L’employé-e n’acquiert aucun crédit de congés en vertu de la présente convention au cours d’un mois à l’égard duquel un congé a déjà été porté à son crédit en vertu des conditions d’une autre convention collective à laquelle l’Employeur est partie, ou en vertu des autres règles ou règlements édictés par l’Employeur.

 

[13] Le libellé est clair et empêche un employé d’obtenir un crédit de congé mensuel deux fois. Toutefois, aucune limite de ce genre n’est exprimée ou implicite dans la clause 34.18. Je ne suis pas convaincue par l’argument de l’employeur selon lequel la présence de la clause 33.08 signifie que les parties n’avaient pas l’intention d’accorder deux fois le même type de congé en général. Si les parties l’avaient fait, elles auraient dû le dire expressément dans la clause 34.18. De plus, la clause 33.08 traite des crédits de congé qui sont gagnés chaque mois et non pas du droit spécial tel qu’il est convenu à la clause 34.18.

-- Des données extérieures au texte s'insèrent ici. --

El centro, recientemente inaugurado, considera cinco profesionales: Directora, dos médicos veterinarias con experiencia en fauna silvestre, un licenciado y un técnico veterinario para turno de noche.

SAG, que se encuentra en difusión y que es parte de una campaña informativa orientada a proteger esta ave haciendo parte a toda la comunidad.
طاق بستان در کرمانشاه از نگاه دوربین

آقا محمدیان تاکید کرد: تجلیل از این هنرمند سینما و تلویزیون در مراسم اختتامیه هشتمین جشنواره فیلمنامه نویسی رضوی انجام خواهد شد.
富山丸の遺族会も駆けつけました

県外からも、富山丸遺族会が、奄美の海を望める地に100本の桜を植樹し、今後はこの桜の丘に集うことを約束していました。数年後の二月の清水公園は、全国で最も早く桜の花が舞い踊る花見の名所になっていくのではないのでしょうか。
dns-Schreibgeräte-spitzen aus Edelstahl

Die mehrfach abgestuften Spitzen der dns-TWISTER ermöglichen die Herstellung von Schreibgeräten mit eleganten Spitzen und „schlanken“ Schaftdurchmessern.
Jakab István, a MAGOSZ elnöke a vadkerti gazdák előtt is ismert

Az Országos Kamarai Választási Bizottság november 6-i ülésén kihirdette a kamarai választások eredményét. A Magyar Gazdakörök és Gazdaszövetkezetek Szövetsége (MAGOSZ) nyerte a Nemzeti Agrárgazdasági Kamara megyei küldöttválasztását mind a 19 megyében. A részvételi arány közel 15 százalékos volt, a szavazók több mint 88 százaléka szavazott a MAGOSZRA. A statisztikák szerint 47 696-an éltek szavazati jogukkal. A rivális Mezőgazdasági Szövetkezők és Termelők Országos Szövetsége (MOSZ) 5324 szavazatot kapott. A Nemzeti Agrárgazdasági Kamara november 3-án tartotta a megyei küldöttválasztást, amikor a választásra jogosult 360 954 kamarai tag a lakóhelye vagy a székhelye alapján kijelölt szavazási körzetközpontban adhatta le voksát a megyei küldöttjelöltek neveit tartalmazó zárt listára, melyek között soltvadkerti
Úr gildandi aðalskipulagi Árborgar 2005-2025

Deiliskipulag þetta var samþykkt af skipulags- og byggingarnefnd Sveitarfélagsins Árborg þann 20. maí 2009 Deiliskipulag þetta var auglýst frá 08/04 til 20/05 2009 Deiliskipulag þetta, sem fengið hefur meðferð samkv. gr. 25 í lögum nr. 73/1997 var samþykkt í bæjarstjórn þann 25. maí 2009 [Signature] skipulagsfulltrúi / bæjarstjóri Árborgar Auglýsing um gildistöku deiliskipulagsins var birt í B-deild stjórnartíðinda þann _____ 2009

[14] La Commission a examiné une question similaire de congé par rapport à un employé qui change d’unité de négociation. Dans Delios c. Agence du revenu du Canada, 2013 CRTFP 133 (décision confirmée dans 2015 CAF 117), l’ancienne Commission des relations de travail dans la fonction publique (CRTFP) a examiné la question de savoir si un fonctionnaire s’estimant lésé qui avait pris un congé personnel annuel pendant qu’il était membre d’une unité de négociation avait de nouveau droit à un congé personnel après avoir changé d’unité de négociation.

[15] En confirmant le grief dans Delios, l’arbitre de grief a conclu que le congé personnel provenait de la convention collective applicable à tous les employés de l’unité de négociation. Il n’était pas important que le fonctionnaire s’estimant lésé ait pris plus tôt un congé du même type dans le cadre d’un emploi régi par une convention collective différente et une autre unité de négociation.

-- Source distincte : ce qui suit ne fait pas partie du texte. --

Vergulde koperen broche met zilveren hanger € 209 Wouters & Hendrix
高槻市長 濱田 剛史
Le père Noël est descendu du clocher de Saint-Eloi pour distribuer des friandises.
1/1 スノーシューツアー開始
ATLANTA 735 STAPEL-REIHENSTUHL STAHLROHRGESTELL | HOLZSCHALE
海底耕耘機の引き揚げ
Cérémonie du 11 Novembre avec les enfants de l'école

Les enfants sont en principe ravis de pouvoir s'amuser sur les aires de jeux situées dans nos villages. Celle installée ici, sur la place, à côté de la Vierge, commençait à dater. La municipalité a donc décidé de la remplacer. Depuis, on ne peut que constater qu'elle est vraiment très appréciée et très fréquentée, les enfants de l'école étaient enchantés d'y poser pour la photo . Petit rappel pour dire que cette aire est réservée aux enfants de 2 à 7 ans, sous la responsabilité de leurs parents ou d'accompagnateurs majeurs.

[16] Le fonctionnaire s’estimant lésé avait droit au bénéfice de la convention collective régissant son poste. Le libellé de la convention collective était clair et net. Rien ne laissait entendre que le congé personnel accordé devait être considéré comme une disposition applicable à l’ensemble de la fonction publique, disponible une seule fois. Enfin, les congés ne s’accumulent pas au fil du temps, et aucune limitation, comme la disposition sur la double accumulation, n’a été exprimée dans le contexte de la disposition sur les congés personnels.

[17] Dans Fehr c. Agence du revenu du Canada, 2017 CRTESPF 17, la Commission a abordé la question du congé payé pour obligations familiales lorsqu’une employée avait été mutée d’un poste représenté par l’AFPC à un poste représenté par l’Institut professionnel de la fonction publique du Canada (IPFPC) et avait demandé un congé. L’employée avait déjà pris un tel congé alors qu’elle était membre d’une unité de négociation représentée par l’AFPC et avait demandé un autre droit dans le cadre de son nouveau poste, représenté par l’IPFPC. La Commission n’a trouvé aucune limitation qui empêchait le congé et l’application de dispositions relatives à la double accumulation. L’employée avait droit au congé qui existait en vertu des modalités explicites de la convention collective régissant le nouveau poste.

[18] Dans Institut professionnel de la fonction publique du Canada c. Agence du revenu du Canada, 2016 CRTEFP 77 (IPFPC c. ARC), l’arbitre de grief a conclu que lorsque les parties à une convention collective voulaient imposer des restrictions ou des exclusions à une disposition, elles les prévoyaient expressément dans la convention collective. Conformément à ce raisonnement, j’estime que, lorsqu’il n’y a pas de restrictions ou d’exclusions, elles ne devraient pas être implicites. Pour ce faire, il faudrait modifier la convention collective, ce qui dépasserait le mandat légal de la Commission.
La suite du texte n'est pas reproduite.